**Data excerpt**
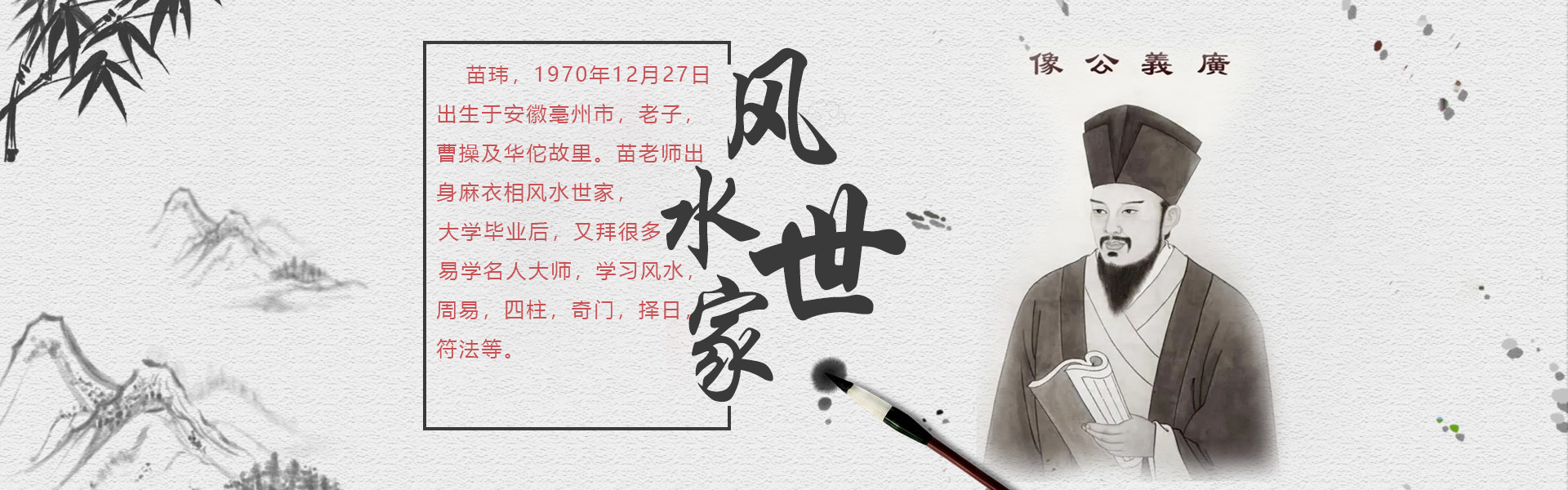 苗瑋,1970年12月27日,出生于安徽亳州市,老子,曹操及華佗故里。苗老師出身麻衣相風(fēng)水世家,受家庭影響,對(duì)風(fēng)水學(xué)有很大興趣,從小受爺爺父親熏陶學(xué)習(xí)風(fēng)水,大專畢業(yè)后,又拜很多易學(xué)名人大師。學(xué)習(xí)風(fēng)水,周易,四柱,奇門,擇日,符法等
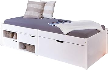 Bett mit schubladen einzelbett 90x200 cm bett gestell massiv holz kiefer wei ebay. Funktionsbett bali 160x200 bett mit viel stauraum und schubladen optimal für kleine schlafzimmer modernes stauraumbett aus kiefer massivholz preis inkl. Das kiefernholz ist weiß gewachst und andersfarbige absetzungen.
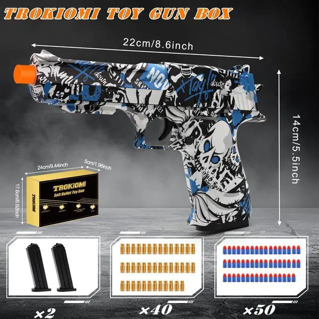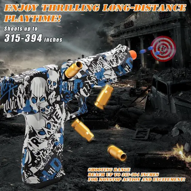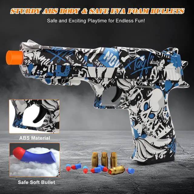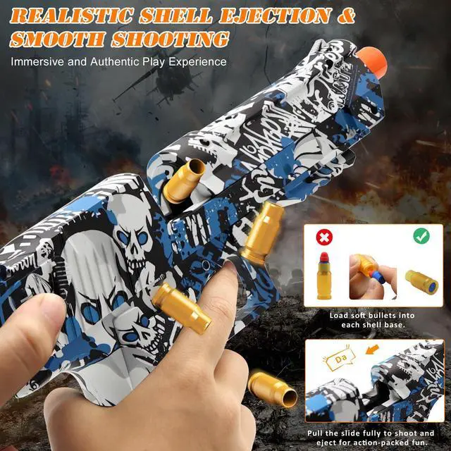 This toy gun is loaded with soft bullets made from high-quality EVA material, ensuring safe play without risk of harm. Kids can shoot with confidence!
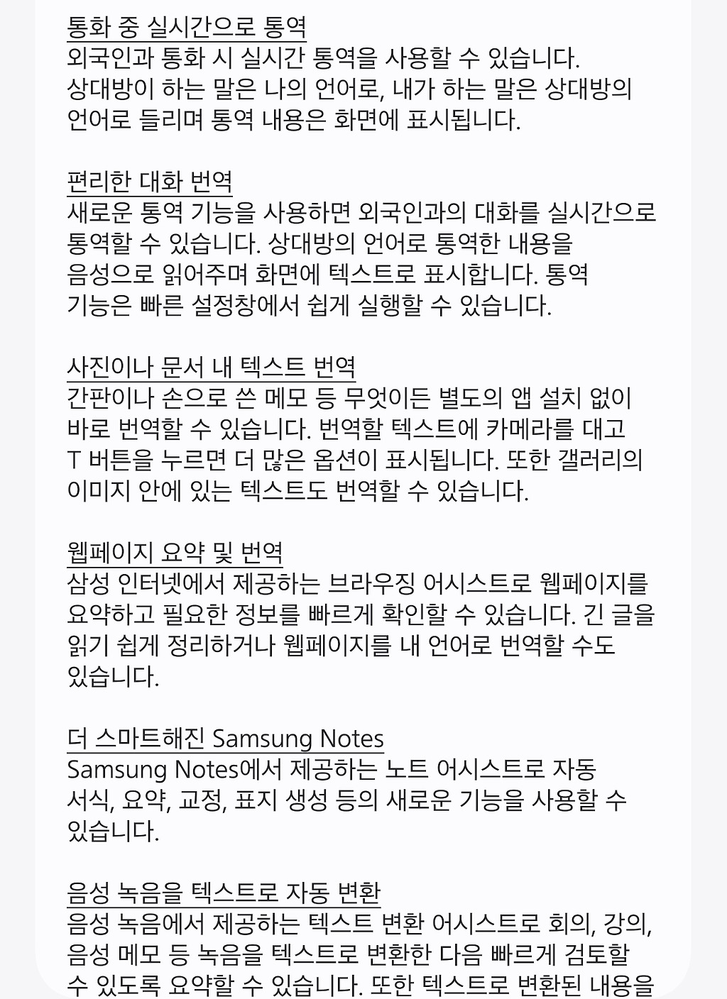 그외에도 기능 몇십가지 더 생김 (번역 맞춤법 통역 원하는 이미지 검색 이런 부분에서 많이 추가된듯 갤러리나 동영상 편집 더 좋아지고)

**What the task asks**
Please reproduce the data above word for word, skipping all images.

**Reply to the exercise**
 苗瑋,1970年12月27日,出生于安徽亳州市,老子,曹操及華佗故里。苗老師出身麻衣相風(fēng)水世家,受家庭影響,對(duì)風(fēng)水學(xué)有很大興趣,從小受爺爺父親熏陶學(xué)習(xí)風(fēng)水,大專畢業(yè)后,又拜很多易學(xué)名人大師。學(xué)習(xí)風(fēng)水,周易,四柱,奇門,擇日,符法等
 Bett mit schubladen einzelbett 90x200 cm bett gestell massiv holz kiefer wei ebay. Funktionsbett bali 160x200 bett mit viel stauraum und schubladen optimal für kleine schlafzimmer modernes stauraumbett aus kiefer massivholz preis inkl. Das kiefernholz ist weiß gewachst und andersfarbige absetzungen.
 This toy gun is loaded with soft bullets made from high-quality EVA material, ensuring safe play without risk of harm. Kids can shoot with confidence!
 그외에도 기능 몇십가지 더 생김 (번역 맞춤법 통역 원하는 이미지 검색 이런 부분에서 많이 추가된듯 갤러리나 동영상 편집 더 좋아지고)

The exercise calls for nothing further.